INFORMATION PROVIDED:
════════════════
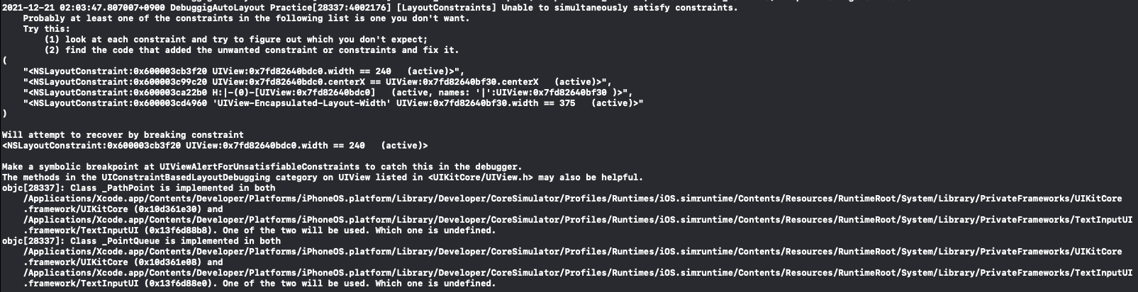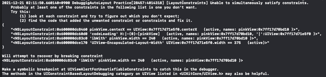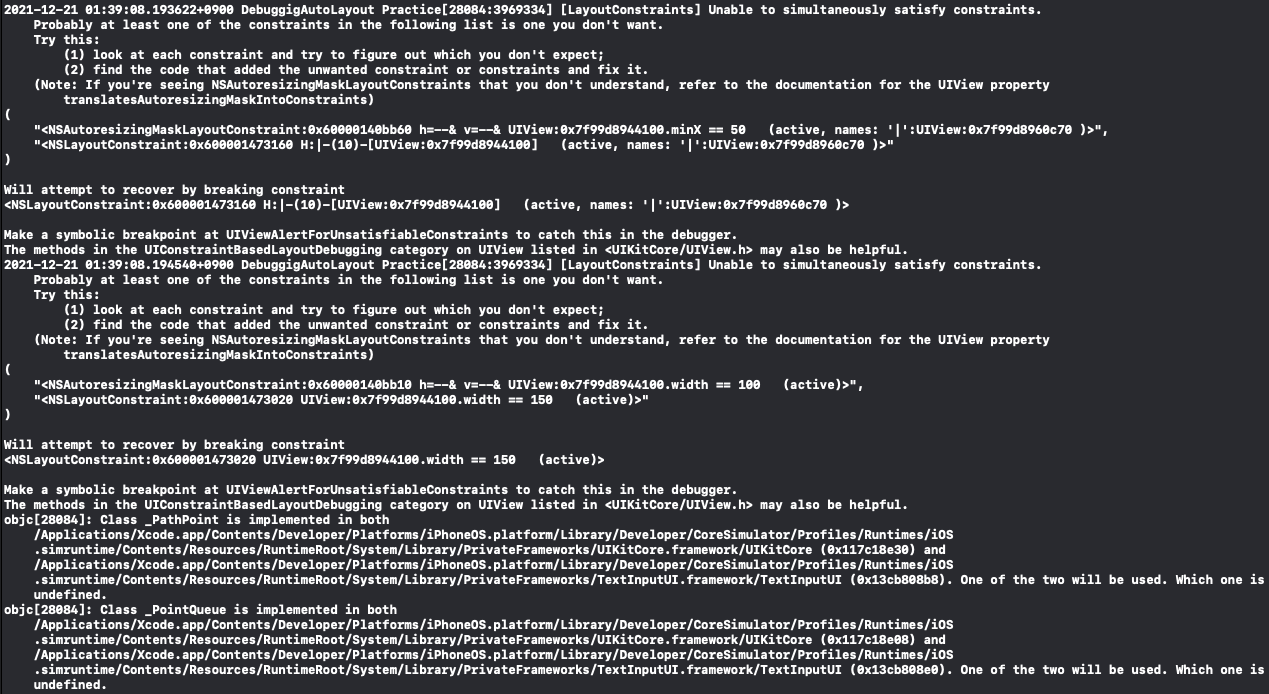 해당 문제는 이전 실습때 처럼 translateAutoresizingMaskIntoConstraint 속성을 비활성화하지 않은 문제다.
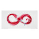 Infinity symbole of continuous stream of red pouring into glass glass glass on white background.
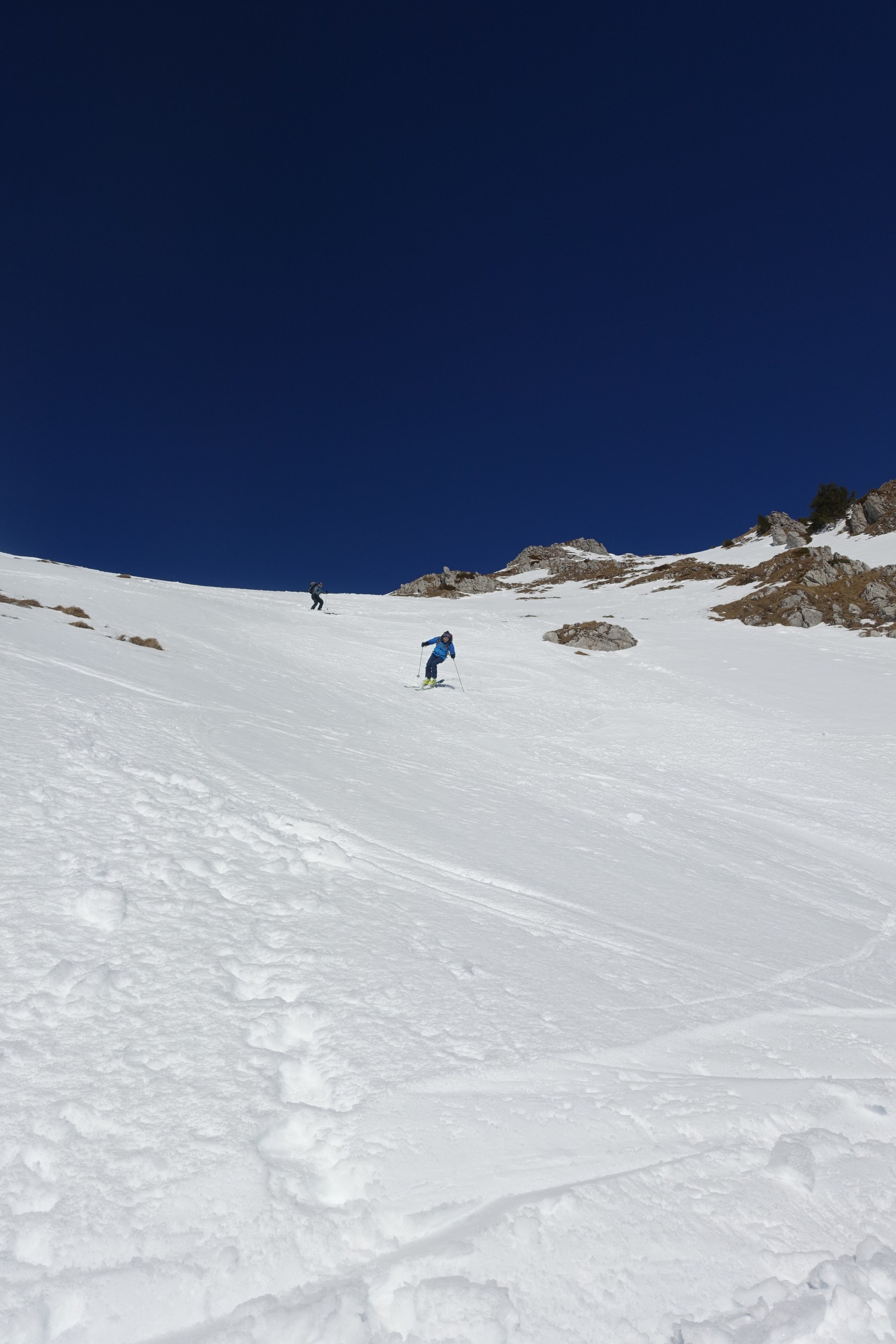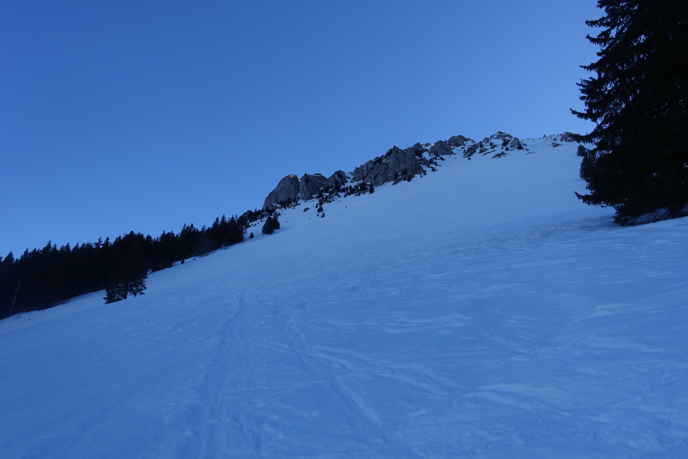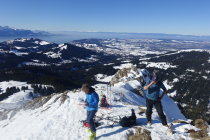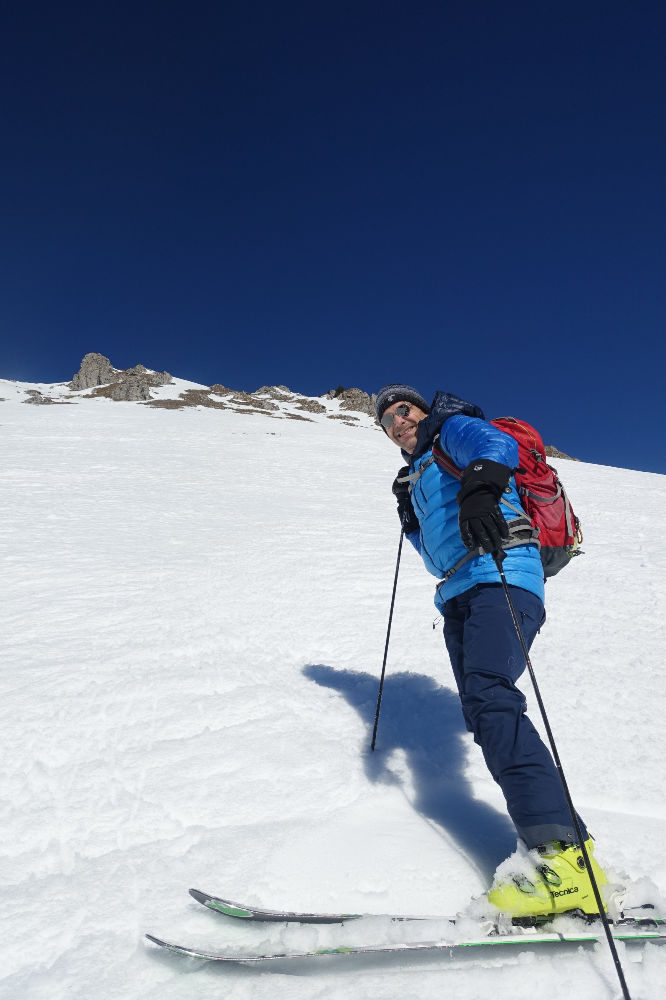 aufstieg nord mit harsteisen auf glasiger spur,gipfelgrat fast aper.sind wegen wärme nicht südcouloir direkt sondernseitenflanke unter gipfel gefahren.super sulz auf tragend(11.30).abfahrt richtung albeuve an wald entlang noch pulver,ebenfals abfahrt von le mologi.nach pause in bergbeiz Nordflanke schön aufgeweicht und gut zu fahrendenr sulz(13.30),
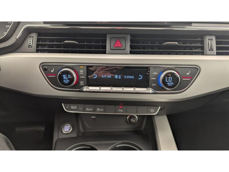 Accoudoir central confort AV avec inclinaison réglable et coulissant en longueurAffichage de contrôle de pression des pneusAirbags grand volume conducteur et passager AVAirbags latéraux à l'AV et système d'airbags de têteApplications décoratives argent flex métalliqueAppui lombaire à 4 axes pour les sièges AV: réglages électrique, horizontal et verticalAudi Drive SelectAudi Parking System PlusAudi Pre Sense cityAudi smartphone interface (Apple CarPlay ou Google Android Auto)Caméra multifonctionChâssis : pour une bonne dynamique de conduite couplée à un confort de conduite souverainClimatisation automatique confort 3 zonesCoffre à ouverture et fermeture électriquesCommande de désactivation de l'airbag passager AVDétecteur de pluie et de luminositéDossier de banquette AR rabattable en 3 parties 40 : 20 : 40 ou complètementEclairage intérieurFeux AR à LEDFixation pour sièges enfants ISOFIX et Top Tether pour les places AR extérieuresFrein de stationnement électromécaniqueInterface BluetoothKeyless Go: démarrage et arrêt du moteur par touche moteur Start/Stop sur la console centraleMMI Radio PlusMoulures de seuil avec insert en aluminium dans les ouvertures des portières AVPare-soleil côtés conducteur et passager AVPhares AV à LED (feux de croisement, feux de route, feux diurnes et feux de position LED, clignotants à ampoule, avec éclairage tout-temps)Plancher de chargement réversibleRéception radio numérique (DAB)Rétroviseur intérieur sans encadrement jour/nuit automatiqueRétroviseurs extérieurs avec feux clignotants à LED intégrés et dans la teinte du véhiculeRecommandation de reposSystème d'information du conducteur avec écran couleur haute résolution de 7"Système Start & StopTire Mobility System Compresseur et produit de colmatage en cas de crevaisonVitres athermiques
════════════════
YOUR INSTRUCTIONS: Line by line, write out the material exactly, leaving the images out.

RESULT OF THIS EXERCISE:
 해당 문제는 이전 실습때 처럼 translateAutoresizingMaskIntoConstraint 속성을 비활성화하지 않은 문제다.
 Infinity symbole of continuous stream of red pouring into glass glass glass on white background.
 aufstieg nord mit harsteisen auf glasiger spur,gipfelgrat fast aper.sind wegen wärme nicht südcouloir direkt sondernseitenflanke unter gipfel gefahren.super sulz auf tragend(11.30).abfahrt richtung albeuve an wald entlang noch pulver,ebenfals abfahrt von le mologi.nach pause in bergbeiz Nordflanke schön aufgeweicht und gut zu fahrendenr sulz(13.30),
 Accoudoir central confort AV avec inclinaison réglable et coulissant en longueurAffichage de contrôle de pression des pneusAirbags grand volume conducteur et passager AVAirbags latéraux à l'AV et système d'airbags de têteApplications décoratives argent flex métalliqueAppui lombaire à 4 axes pour les sièges AV: réglages électrique, horizontal et verticalAudi Drive SelectAudi Parking System PlusAudi Pre Sense cityAudi smartphone interface (Apple CarPlay ou Google Android Auto)Caméra multifonctionChâssis : pour une bonne dynamique de conduite couplée à un confort de conduite souverainClimatisation automatique confort 3 zonesCoffre à ouverture et fermeture électriquesCommande de désactivation de l'airbag passager AVDétecteur de pluie et de luminositéDossier de banquette AR rabattable en 3 parties 40 : 20 : 40 ou complètementEclairage intérieurFeux AR à LEDFixation pour sièges enfants ISOFIX et Top Tether pour les places AR extérieuresFrein de stationnement électromécaniqueInterface BluetoothKeyless Go: démarrage et arrêt du moteur par touche moteur Start/Stop sur la console centraleMMI Radio PlusMoulures de seuil avec insert en aluminium dans les ouvertures des portières AVPare-soleil côtés conducteur et passager AVPhares AV à LED (feux de croisement, feux de route, feux diurnes et feux de position LED, clignotants à ampoule, avec éclairage tout-temps)Plancher de chargement réversibleRéception radio numérique (DAB)Rétroviseur intérieur sans encadrement jour/nuit automatiqueRétroviseurs extérieurs avec feux clignotants à LED intégrés et dans la teinte du véhiculeRecommandation de reposSystème d'information du conducteur avec écran couleur haute résolution de 7"Système Start & StopTire Mobility System Compresseur et produit de colmatage en cas de crevaisonVitres athermiques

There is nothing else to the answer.